Below are some records. Return exactly the lines from the one containing "马克珍妮波浪海军领女童纯棉牛仔马甲2026年春装新款560139" through the one containing "Это книга-экскурсия, книга-путеводитель.", both included, and only those.

==============================

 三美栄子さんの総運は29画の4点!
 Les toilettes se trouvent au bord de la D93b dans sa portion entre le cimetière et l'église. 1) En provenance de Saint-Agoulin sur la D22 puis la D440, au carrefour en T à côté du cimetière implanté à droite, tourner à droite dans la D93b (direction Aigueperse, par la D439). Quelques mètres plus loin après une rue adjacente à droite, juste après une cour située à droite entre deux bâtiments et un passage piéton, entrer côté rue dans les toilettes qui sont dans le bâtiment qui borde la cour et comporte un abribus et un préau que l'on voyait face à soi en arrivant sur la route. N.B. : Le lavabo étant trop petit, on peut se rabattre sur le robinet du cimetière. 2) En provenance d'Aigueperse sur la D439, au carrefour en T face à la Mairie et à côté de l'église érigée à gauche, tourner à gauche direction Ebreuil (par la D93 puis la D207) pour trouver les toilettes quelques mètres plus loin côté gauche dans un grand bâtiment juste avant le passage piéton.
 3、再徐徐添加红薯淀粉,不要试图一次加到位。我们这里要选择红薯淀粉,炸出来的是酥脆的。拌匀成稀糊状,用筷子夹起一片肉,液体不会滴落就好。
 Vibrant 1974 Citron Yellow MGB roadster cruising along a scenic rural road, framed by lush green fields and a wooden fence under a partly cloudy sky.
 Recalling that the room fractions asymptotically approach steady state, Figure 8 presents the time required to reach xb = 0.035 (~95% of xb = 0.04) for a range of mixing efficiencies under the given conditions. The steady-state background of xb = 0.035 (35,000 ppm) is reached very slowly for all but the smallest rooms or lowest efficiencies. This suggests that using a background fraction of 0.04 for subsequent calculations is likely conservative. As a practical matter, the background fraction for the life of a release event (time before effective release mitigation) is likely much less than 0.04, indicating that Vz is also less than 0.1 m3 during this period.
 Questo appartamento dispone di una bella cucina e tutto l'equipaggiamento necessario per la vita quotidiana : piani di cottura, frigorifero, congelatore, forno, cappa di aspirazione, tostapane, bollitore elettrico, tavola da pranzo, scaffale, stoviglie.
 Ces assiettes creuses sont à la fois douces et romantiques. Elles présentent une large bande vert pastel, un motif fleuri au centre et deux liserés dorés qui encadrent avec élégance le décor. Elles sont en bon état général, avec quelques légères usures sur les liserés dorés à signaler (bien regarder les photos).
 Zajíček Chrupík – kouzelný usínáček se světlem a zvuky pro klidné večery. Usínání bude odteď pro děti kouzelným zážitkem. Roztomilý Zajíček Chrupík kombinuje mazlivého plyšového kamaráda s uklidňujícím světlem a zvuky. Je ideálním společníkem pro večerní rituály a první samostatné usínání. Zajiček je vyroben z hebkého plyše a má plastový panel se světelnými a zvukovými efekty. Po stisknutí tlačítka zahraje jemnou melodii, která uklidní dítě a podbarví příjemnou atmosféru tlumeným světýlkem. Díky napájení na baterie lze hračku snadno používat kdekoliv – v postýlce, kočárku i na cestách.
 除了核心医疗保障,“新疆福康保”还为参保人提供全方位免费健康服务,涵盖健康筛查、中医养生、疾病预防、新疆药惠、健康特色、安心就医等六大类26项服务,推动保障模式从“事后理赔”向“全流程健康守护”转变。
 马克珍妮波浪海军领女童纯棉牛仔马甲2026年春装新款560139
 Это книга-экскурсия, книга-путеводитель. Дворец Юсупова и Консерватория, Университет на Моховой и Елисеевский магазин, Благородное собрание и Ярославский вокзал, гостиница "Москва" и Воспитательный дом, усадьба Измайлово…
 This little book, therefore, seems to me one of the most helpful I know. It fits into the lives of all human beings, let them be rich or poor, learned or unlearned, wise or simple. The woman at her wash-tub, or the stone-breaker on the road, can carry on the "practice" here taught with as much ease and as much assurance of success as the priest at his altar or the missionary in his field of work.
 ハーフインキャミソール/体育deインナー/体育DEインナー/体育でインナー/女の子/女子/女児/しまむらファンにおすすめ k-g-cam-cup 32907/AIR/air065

==============================

* [Response to the exercise]:
 马克珍妮波浪海军领女童纯棉牛仔马甲2026年春装新款560139
 Это книга-экскурсия, книга-путеводитель. Дворец Юсупова и Консерватория, Университет на Моховой и Елисеевский магазин, Благородное собрание и Ярославский вокзал, гостиница "Москва" и Воспитательный дом, усадьба Измайлово…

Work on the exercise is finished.